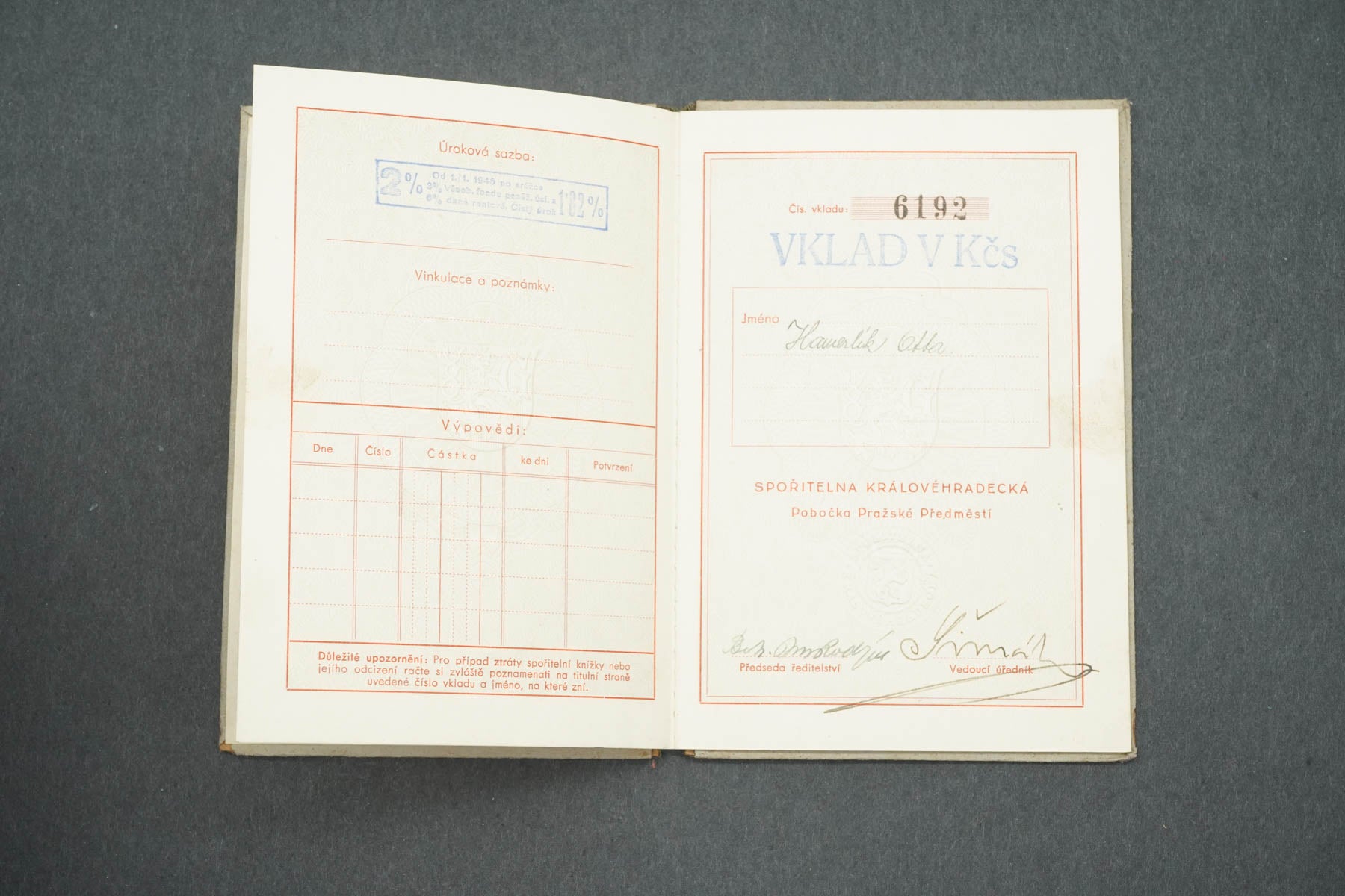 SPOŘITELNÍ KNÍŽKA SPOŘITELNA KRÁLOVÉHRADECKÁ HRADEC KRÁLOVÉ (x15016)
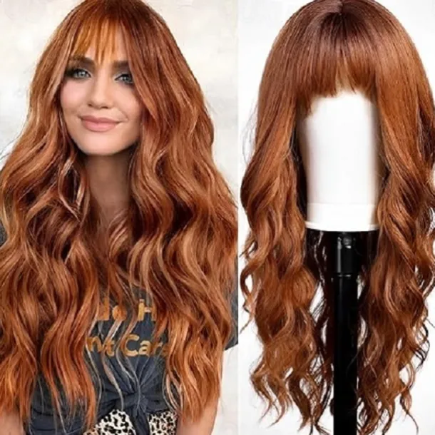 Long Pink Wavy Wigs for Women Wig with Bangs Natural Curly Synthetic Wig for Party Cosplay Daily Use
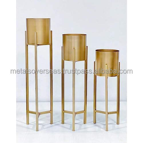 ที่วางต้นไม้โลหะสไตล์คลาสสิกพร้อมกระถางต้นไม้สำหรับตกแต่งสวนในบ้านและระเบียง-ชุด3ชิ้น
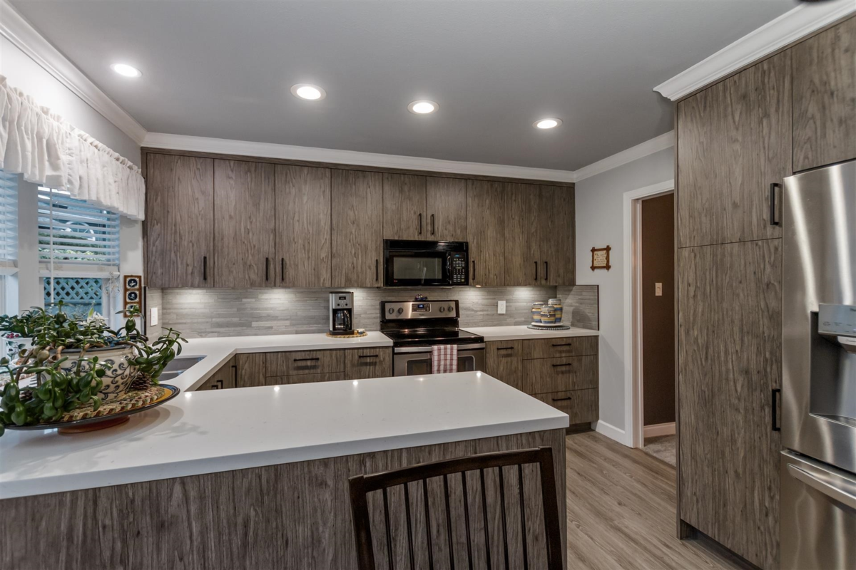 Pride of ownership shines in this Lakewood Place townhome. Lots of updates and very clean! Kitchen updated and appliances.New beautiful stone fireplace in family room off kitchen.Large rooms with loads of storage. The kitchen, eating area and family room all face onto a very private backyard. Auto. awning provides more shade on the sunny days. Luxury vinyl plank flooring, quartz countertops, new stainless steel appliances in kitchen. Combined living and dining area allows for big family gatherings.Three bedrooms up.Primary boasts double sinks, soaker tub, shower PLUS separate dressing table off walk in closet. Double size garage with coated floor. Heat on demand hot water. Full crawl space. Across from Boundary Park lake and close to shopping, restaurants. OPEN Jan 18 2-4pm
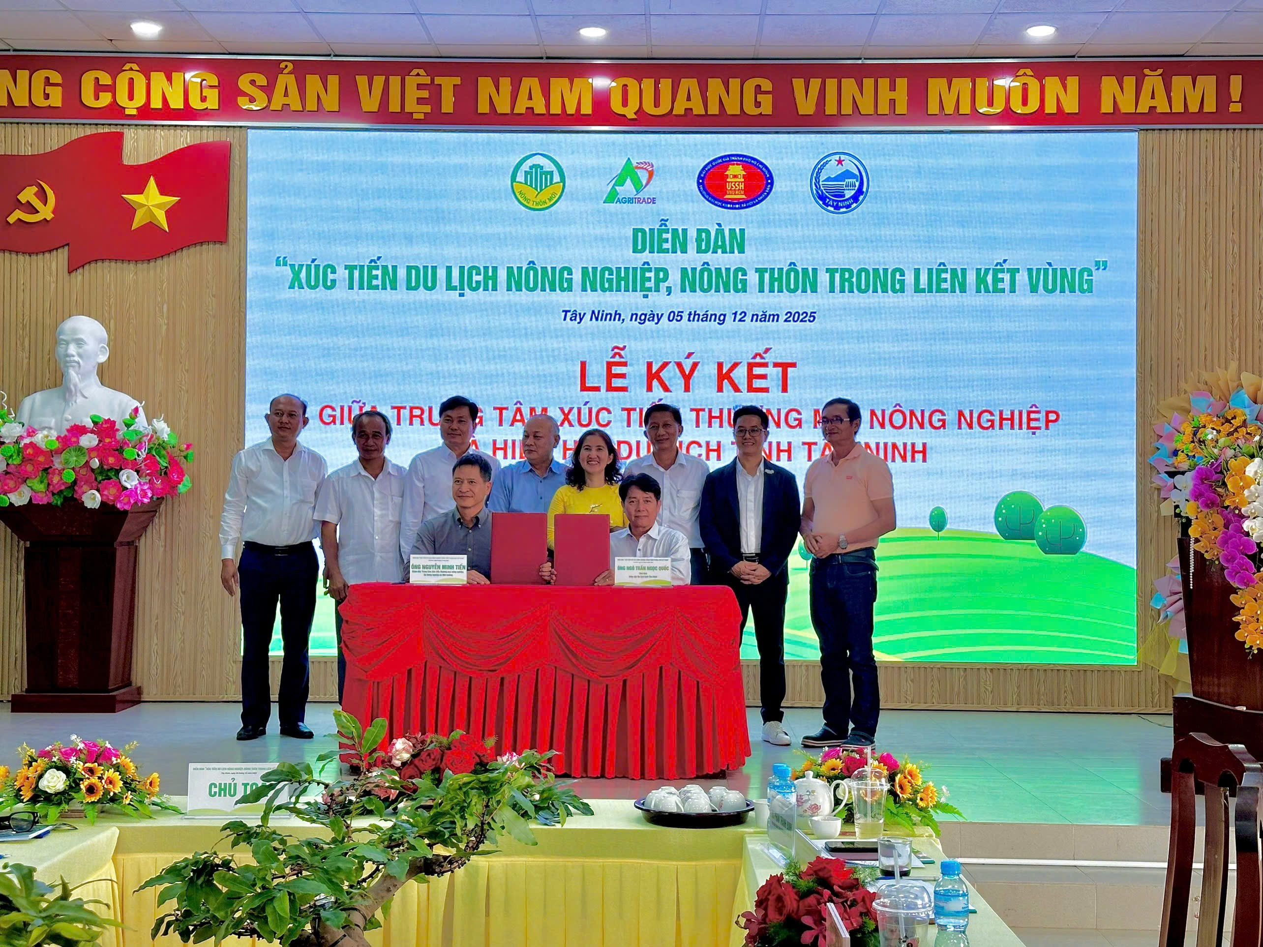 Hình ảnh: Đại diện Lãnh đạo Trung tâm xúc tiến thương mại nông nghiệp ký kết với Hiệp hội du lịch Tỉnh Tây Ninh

+++

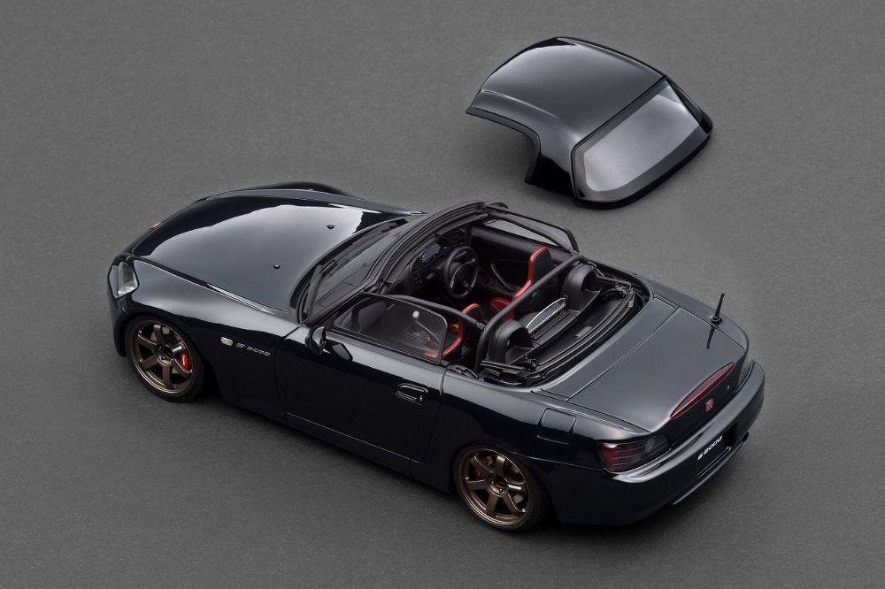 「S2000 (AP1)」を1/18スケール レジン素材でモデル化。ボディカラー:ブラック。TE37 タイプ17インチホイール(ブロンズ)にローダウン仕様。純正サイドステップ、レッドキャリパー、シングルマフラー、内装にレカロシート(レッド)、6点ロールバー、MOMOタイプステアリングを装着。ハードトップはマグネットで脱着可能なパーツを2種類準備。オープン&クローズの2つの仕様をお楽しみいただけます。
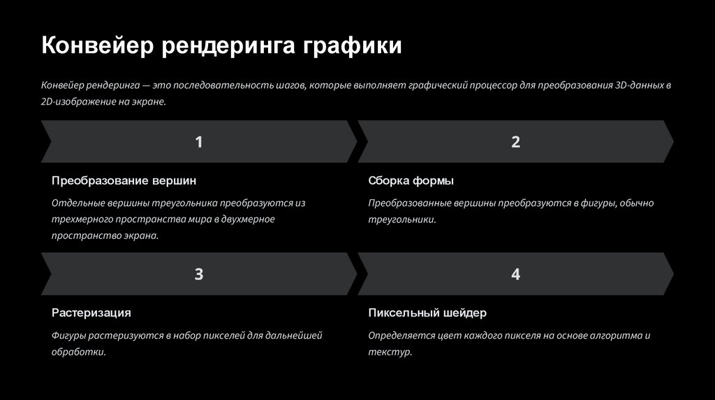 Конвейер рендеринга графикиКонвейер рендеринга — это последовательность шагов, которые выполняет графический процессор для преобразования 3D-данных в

+++

- **To do**:
With the pictures removed from your copy, retype the lines above from the one that contains "SPOŘITELNÍ KNÍŽKA SPOŘITELNA" through the one that contains "ที่วางต้นไม้โล", exactly.

- **Written response**:
 SPOŘITELNÍ KNÍŽKA SPOŘITELNA KRÁLOVÉHRADECKÁ HRADEC KRÁLOVÉ (x15016)
 Long Pink Wavy Wigs for Women Wig with Bangs Natural Curly Synthetic Wig for Party Cosplay Daily Use
 ที่วางต้นไม้โลหะสไตล์คลาสสิกพร้อมกระถางต้นไม้สำหรับตกแต่งสวนในบ้านและระเบียง-ชุด3ชิ้น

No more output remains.